Pay vs. Passion in the Age of Data Science

Top_blog_1.jpgData science is a hot field (duh). Popularized by Billy Beane of Moneyball and Nate Silver of the FiveThirtyEight blog, it’s proponents say data science will save us from the massive quantities of data that are generated by companies, government and even ourselves. An influential (and widely cited) study by McKinsey indicates that the U.S. alone will face a shortage of 140,000 to 160,000 people with analytical expertise. Many universities are working to create new programs to train this new batch of data scientists. (A great resource is this list of schools with Masters in Data Science programs: http://www.mastersindatascience.org/schools/23-great-schools-with-masters-programs-in-data-science/)  Some of the most popular MOOCs (Massive Open Online Courses) are about Data Science and Machine Learning, including ones by Udacity and Coursera.

But who are these new Data Scientists? A recent story from CNBC titled, “Why your kids will want to be data scientists” focuses on pay and job prospects; nothing on passion, scientific curiosity, or value to the world. This prompted Steven Mills to tweet, “If salary is driving the next generation of data scientists I worry we will lose the passion.” The key notion is the (implied) relationship between the passion the individual has for a field and the quality of their work. It seems intuitive that new entrants in the field that are chasing job prospects and high-salaries will not have the passion for the field.
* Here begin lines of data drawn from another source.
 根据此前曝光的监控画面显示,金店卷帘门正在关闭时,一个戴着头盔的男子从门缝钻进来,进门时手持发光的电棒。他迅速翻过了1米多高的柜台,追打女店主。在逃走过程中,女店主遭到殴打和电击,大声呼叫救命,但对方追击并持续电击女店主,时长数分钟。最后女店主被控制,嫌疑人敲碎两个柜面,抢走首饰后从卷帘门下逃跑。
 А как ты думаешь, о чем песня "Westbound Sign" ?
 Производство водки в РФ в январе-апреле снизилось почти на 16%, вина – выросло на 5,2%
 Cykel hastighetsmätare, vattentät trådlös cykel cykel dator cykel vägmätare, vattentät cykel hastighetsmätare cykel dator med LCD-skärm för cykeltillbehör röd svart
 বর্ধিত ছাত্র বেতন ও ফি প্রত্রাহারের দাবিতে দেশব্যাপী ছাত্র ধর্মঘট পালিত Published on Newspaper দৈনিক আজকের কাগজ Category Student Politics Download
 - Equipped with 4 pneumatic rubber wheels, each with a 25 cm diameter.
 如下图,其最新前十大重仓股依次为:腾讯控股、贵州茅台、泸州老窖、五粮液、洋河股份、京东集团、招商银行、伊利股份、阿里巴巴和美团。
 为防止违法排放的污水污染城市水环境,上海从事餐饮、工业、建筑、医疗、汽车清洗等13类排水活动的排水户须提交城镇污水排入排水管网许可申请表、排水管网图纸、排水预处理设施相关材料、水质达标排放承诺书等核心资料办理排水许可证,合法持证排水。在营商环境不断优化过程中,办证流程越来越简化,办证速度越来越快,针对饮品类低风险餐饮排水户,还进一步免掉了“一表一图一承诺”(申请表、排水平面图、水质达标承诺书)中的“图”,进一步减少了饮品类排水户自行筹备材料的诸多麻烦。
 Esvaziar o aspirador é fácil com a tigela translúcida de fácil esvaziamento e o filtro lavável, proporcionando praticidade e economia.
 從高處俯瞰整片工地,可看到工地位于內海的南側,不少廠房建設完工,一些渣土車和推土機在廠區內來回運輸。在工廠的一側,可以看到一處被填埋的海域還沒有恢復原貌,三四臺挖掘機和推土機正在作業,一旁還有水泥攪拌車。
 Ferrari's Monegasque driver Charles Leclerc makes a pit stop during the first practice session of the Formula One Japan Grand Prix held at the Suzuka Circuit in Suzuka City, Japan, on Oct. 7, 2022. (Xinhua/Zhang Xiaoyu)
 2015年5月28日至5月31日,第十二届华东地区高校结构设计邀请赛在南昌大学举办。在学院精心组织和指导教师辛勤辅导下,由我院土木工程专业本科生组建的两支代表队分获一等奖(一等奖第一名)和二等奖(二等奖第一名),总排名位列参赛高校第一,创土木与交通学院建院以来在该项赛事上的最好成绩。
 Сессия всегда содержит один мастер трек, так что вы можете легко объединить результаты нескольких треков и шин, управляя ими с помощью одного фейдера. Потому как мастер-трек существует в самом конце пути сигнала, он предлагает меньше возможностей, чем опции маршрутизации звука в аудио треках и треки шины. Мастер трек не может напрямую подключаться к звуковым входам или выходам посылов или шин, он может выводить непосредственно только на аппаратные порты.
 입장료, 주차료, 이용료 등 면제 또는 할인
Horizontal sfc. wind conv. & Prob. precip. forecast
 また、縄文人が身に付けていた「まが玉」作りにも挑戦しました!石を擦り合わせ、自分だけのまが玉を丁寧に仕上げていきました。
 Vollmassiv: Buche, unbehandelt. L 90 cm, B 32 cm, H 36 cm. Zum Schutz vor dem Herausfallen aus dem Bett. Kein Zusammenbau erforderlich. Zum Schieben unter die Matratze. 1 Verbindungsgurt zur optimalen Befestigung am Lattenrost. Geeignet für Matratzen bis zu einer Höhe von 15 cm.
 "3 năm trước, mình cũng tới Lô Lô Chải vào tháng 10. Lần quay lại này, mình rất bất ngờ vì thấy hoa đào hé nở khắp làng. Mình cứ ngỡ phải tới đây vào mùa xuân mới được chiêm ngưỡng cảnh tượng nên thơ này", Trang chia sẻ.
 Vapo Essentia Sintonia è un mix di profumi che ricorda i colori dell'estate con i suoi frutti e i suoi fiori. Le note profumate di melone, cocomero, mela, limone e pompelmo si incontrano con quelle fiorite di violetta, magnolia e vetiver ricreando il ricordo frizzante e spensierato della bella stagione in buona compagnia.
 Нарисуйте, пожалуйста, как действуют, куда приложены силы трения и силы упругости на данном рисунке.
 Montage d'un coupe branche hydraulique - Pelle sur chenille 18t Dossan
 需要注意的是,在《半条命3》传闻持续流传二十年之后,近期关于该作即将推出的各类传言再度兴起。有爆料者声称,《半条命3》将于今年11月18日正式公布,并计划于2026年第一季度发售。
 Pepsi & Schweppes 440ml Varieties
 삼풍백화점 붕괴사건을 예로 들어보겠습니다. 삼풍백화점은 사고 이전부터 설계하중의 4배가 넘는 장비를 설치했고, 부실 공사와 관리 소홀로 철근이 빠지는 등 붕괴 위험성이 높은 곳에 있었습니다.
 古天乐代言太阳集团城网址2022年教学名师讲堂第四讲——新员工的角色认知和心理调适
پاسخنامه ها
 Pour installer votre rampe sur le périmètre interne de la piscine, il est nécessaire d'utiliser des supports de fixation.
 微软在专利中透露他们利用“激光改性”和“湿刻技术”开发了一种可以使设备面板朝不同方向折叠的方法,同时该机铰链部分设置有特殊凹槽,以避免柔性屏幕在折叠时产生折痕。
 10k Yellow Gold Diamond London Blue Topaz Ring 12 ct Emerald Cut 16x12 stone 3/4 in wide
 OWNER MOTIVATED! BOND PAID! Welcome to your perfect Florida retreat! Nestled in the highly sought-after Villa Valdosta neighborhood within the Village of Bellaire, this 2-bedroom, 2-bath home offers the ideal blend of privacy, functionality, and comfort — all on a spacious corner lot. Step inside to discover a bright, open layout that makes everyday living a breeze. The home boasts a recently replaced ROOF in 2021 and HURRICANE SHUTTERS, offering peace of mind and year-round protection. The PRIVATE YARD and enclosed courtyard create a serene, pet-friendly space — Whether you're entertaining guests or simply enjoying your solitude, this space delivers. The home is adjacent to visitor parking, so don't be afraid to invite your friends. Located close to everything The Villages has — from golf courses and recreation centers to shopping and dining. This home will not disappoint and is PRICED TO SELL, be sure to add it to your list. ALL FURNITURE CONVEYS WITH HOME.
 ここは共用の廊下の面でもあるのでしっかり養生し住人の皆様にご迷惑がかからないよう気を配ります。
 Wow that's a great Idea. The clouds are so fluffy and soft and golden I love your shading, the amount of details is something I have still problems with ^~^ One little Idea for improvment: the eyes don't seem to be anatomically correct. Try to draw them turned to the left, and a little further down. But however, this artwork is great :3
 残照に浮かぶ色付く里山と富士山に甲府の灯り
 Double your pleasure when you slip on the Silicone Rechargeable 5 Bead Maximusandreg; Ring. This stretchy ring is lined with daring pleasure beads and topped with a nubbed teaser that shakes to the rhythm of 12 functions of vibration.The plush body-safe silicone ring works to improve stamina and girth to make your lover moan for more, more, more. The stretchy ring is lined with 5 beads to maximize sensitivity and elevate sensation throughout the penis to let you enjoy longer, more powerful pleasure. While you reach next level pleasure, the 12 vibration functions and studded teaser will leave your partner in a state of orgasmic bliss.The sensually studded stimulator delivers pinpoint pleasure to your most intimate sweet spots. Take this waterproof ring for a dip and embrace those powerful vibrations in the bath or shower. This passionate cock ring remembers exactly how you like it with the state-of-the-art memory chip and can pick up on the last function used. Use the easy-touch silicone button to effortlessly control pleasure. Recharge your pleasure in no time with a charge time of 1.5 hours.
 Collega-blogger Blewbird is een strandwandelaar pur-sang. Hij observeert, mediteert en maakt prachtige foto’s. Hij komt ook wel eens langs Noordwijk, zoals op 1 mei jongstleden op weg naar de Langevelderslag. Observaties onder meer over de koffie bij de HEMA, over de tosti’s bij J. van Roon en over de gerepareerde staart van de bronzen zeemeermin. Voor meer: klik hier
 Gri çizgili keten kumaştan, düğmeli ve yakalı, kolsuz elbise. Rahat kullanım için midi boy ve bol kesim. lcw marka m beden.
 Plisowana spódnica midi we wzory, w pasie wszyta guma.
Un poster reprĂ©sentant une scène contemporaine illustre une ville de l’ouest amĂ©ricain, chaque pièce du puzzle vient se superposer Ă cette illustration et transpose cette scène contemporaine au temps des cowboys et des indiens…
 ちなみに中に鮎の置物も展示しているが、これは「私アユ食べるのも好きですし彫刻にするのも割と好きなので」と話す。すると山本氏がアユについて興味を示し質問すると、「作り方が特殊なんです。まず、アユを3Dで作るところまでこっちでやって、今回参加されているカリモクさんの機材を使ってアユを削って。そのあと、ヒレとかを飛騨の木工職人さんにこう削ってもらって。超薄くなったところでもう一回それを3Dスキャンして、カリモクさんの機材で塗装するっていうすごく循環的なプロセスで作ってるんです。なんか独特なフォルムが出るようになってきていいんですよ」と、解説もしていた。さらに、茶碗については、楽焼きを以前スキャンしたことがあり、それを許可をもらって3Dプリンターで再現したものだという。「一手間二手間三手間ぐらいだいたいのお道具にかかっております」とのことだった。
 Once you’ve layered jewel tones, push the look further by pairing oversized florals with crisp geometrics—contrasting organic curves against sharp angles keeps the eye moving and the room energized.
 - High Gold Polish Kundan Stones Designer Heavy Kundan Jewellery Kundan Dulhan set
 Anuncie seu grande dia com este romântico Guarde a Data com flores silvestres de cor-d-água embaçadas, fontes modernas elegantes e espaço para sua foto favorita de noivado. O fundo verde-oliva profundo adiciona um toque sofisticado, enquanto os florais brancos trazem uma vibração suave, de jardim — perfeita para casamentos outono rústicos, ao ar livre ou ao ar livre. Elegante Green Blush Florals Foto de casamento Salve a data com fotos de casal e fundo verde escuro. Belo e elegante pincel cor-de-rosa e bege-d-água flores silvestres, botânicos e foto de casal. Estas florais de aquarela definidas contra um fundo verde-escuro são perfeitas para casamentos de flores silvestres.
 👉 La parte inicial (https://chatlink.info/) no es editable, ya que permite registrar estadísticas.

So why should we care? As Data Science managers we want to hire the best talent for our teams. But it’s difficult to distinguish between the passionate ones and the ones just in it for the money. So what do we do? Some have proposed that we look at individual’s activities beyond formal education; participation in Data Science contests like Kaggle, TopCoder, or InnoCentive, or volunteer organizations like Data for Good, DataKind, or Code for America. Joining a Data Science oriented MOOC is also mentioned as a way to measure an individual’s passion for the field. Completion of a relevant, and well-regarded, MOOC is a good signal, but completion rates average less than 10%. But for individuals that don’t have formal Data Science training; people looking for a career change, or holding degrees without significant computer programming and/or statistics requirements MOOCs can be a valuable, and many times inexpensive, alternative.

In my experience, none of these are fool-proof signals for finding passionate Data Scientists. Many of the members of my team came from backgrounds other than Data Science, Statistics or Computer Science. Also, many team members didn’t participate in a Data Science contest or take a MOOC.

At this point, I’m left with more questions than answers.

How do you find passionate Data Science practitioners?

Refs: http://www.cnbc.com/id/101618128


Michael Cavaretta is a Data Scientist and Manager at Ford Motor Company in Dearborn, Michigan He is a leader for the Predictive Analytics group in Research and Advanced Engineering.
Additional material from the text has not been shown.